Шрифт:
Закладка:
Вот и Булгаков с ясным и дневным сознанием ввел в свой роман ночных персонажей, но слишком многим читателям стало мерещиться, будто Булгаков и сам из числа спиритов и визионеров…
«Он заслужил покой»
Хорошо ли кончается роман? Удачен ли, в конце концов, путь мастера?
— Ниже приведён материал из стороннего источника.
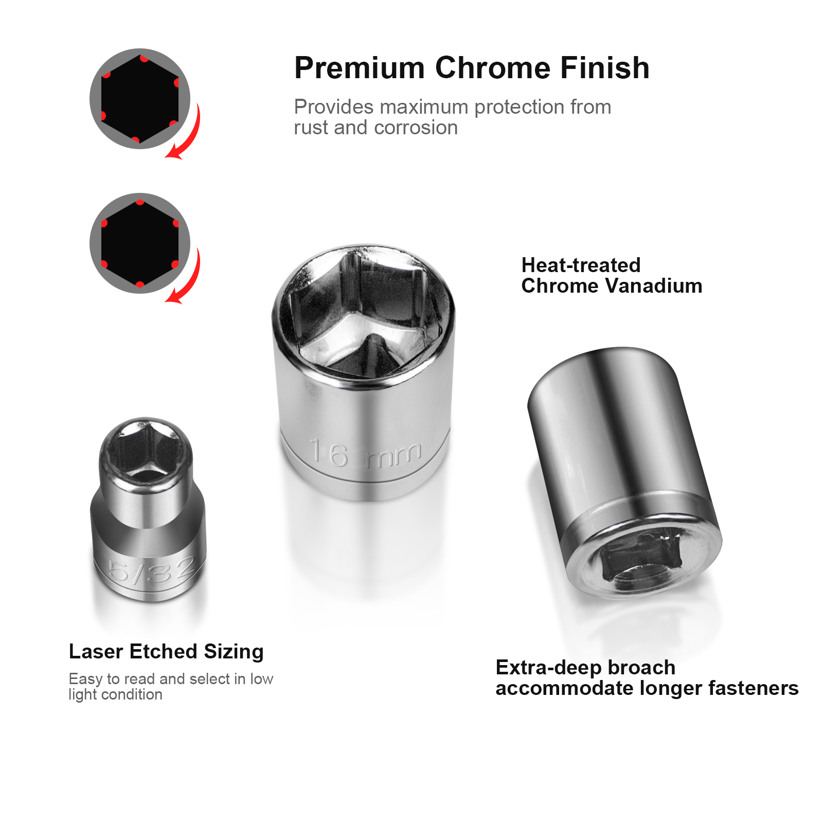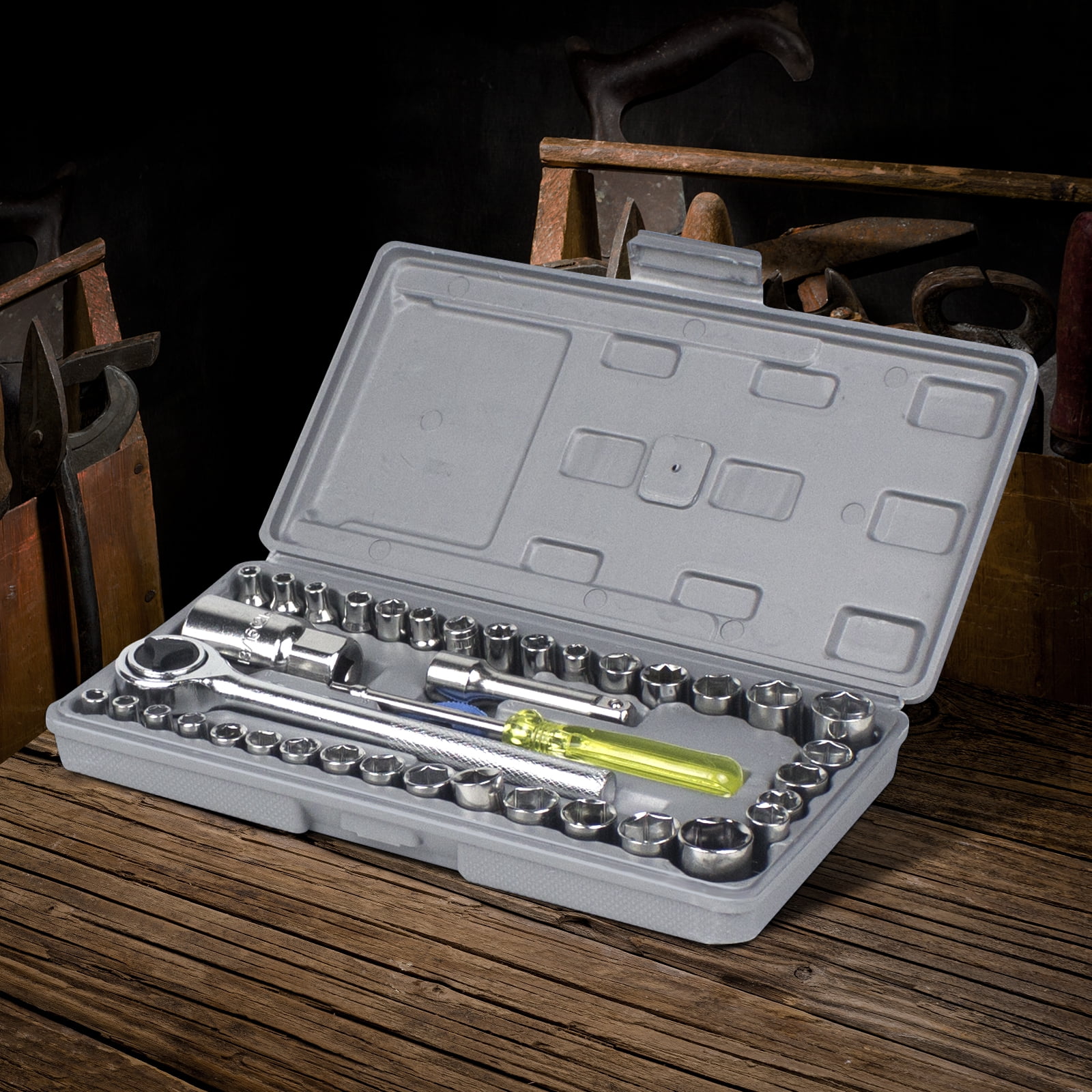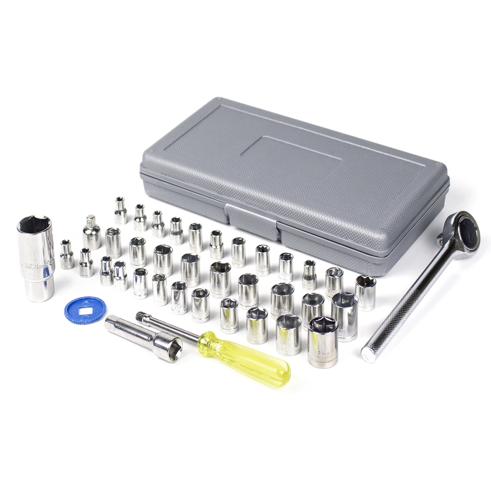 This is a ratchet wrench socket set has both Metric and SEA sized sockets in 1/4" and 3/8" drive set. The set delivers the performance and durability you need for any job in the garage or at home. 40 piece set includes ratchets, extension rods, 1/4" rotary handle, spark plug sockets, adapters, and more. In addition, large size markings on the tool surface for quick and easy identification without wasting time.
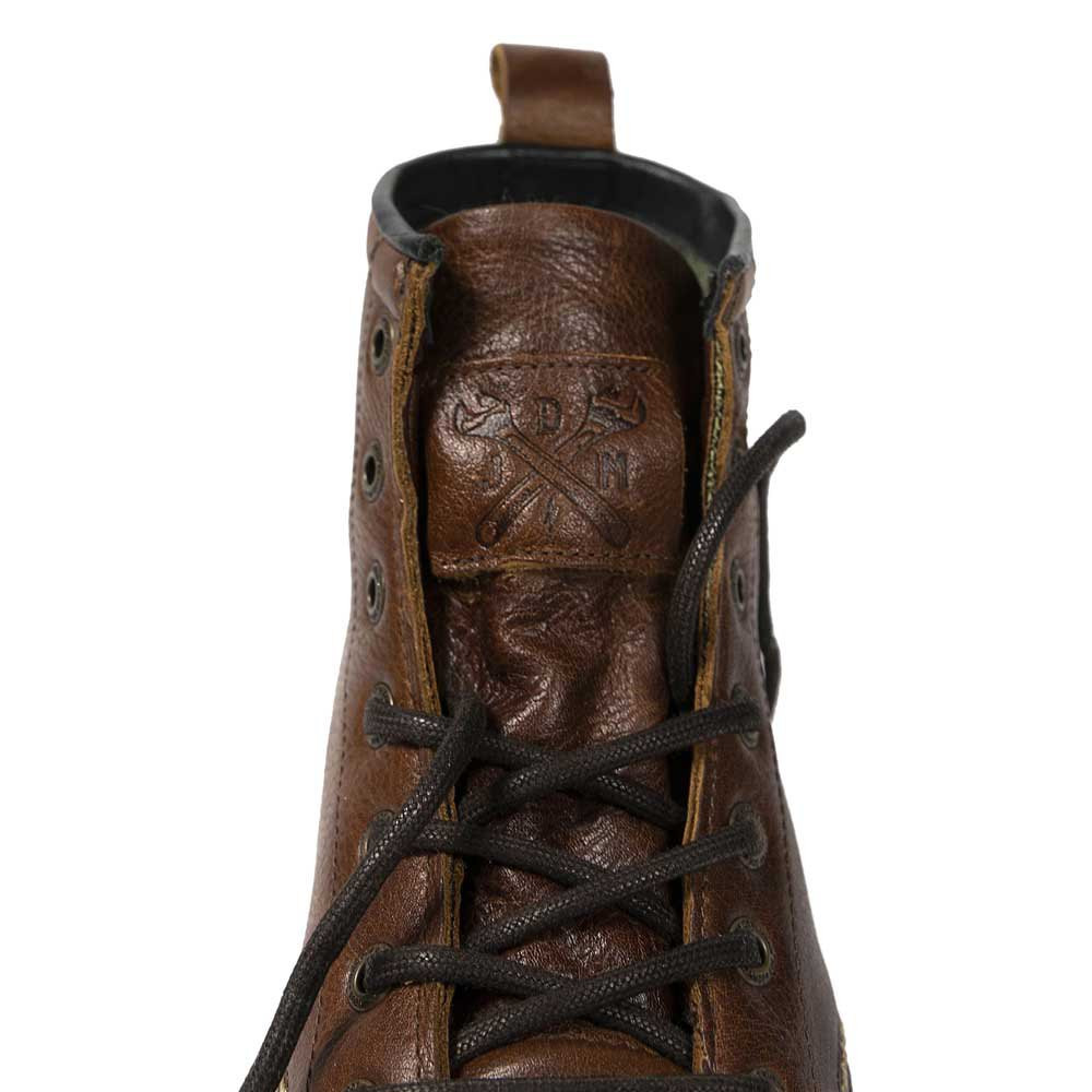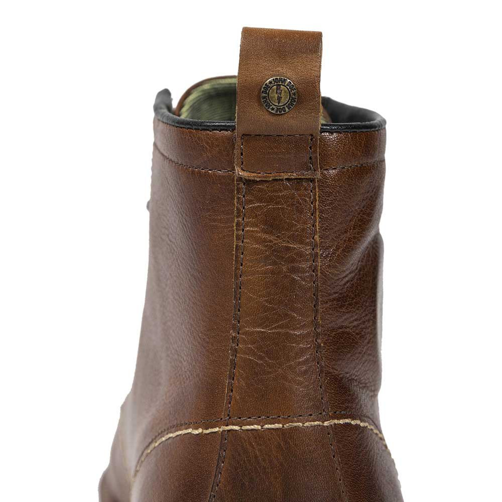 Wszystkie nasze buty motocyklowe mają oczywiście również funkcję "zatrzymywania wody" (jak buty trekkingowe i turystyczne), tj. Język ma za zadanie zapobiegać szybkiemu przenikaniu wody do buta przy sznurowadłach. Odporna na olej, antypoślizgowa podeszwa antypoślizgowa jest również standardem w butach motocyklowych John Doe. Piękna zabytkowa skóra z kontrastowymi przeszyciami i metalowym emblematem JDM na zakładce dodają charakteru.

Данте, посылая свое произведение правителю Вероны Кан Гранде делла Скала, поясняет, что комедия — это поэма, чье начало ужасно и печально, а конец прекрасен и радостен (Рай). Трагедия же — это произведение, которое начинается спокойно и приятно, а кончается печально и ужасно[290].
По этому критерию что есть «Мастер и Маргарита»? Перед нами комедия или трагедия?
О судьбе мастера сказано красиво: «Он не заслужил света, он заслужил покой» (гл. 29).
И несколькими поколениями советских интеллигентов эти слова переживались как символ их скудных эсхатологических надежд. «Счастливый финал»…[291]
Почему все так рады за мастера, завидуют его «синице в руке», совсем не задумываясь о его утрате — о «журавле в небе», о Свете?
Сатана по определению, вступая в договор, что-то дает, а что-то забирает. И вот советских читателей почему-то жутко интересует, что мастер получил («покой»), но им совсем неважно, чего же он лишился (Света).
В русской литературной классике свет и покой едины. Булгаков даже для эпиграфа письма ко Сталину избрал некрасовское стихотворение, в котором была строка: «Вдруг ангел света и покоя мне песню чудную запел»…[292] Булгаков же ставит эпиграфом к своему «Бегу» строки Жуковского:
Бессмертье — тихий, светлый брег;
Наш путь — к нему стремленье.
Покойся, кто свой кончил бег!
Свет и Покой (Мир) — это имена Христа и дары Христа. «Я свет миру» (Ин. 8:12). «Мир Мой даю вам» (Ин. 14:27). «Сие сказал Я вам, чтобы вы имели во Мне мир» (Ин. 16:33). Ангел (вестник, посланник) Христа — это, конечно, ангел Света и Покоя.
И в богословии, и в фольклоре покой, оторванный от света, — это темный покой, могильный мрак.
А хорошо ли мастеру быть в темном, бессветном покое? Чего лишился мастер, отказавшись от света? От чего отгородил его «покой», подаренный Воландом?
Сначала — об утрате. О Свете. О Небе.
Осенью 1933 года Булгаков записывает: «Встреча поэта с Воландом. Маргарита и Фауст. Черная месса. — Ты не поднимешься до высот. Не будешь слушать мессы. Но будешь слушать романтические — …Маргарита и козел. Вишни. Река. Мечтание. Стихи. История с губной помадой»[293].
В рукописи 1936 года это оформлено уже так: «Тебя заметили, и ты получишь то, что заслужил… Исчезнет мысль о Га-Ноцри и о прощенном игемоне. Это дело не твоего ума. Ты никогда не поднимешься выше, Ешуа не увидишь. Ты не покинешь свой приют… Он шел к дому, но уж не терзали сомнения, и угасал казнимый на Лысом Черепе, и бледнел и уходил навеки, навеки шестой прокуратор Понтийский Пилат. Конец»[294].
Тот, кто написал книгу вроде бы о Христе, ко Христу допущен не будет. Выше не поднимется. Ничего не будет видеть, помнить, а значит, сознавать.
Так выздоровел ли мастер в воландовском посмертном «покое»? Хорошо ль ему там с «потухшей памятью»? Радостен ли темный покой манкурта?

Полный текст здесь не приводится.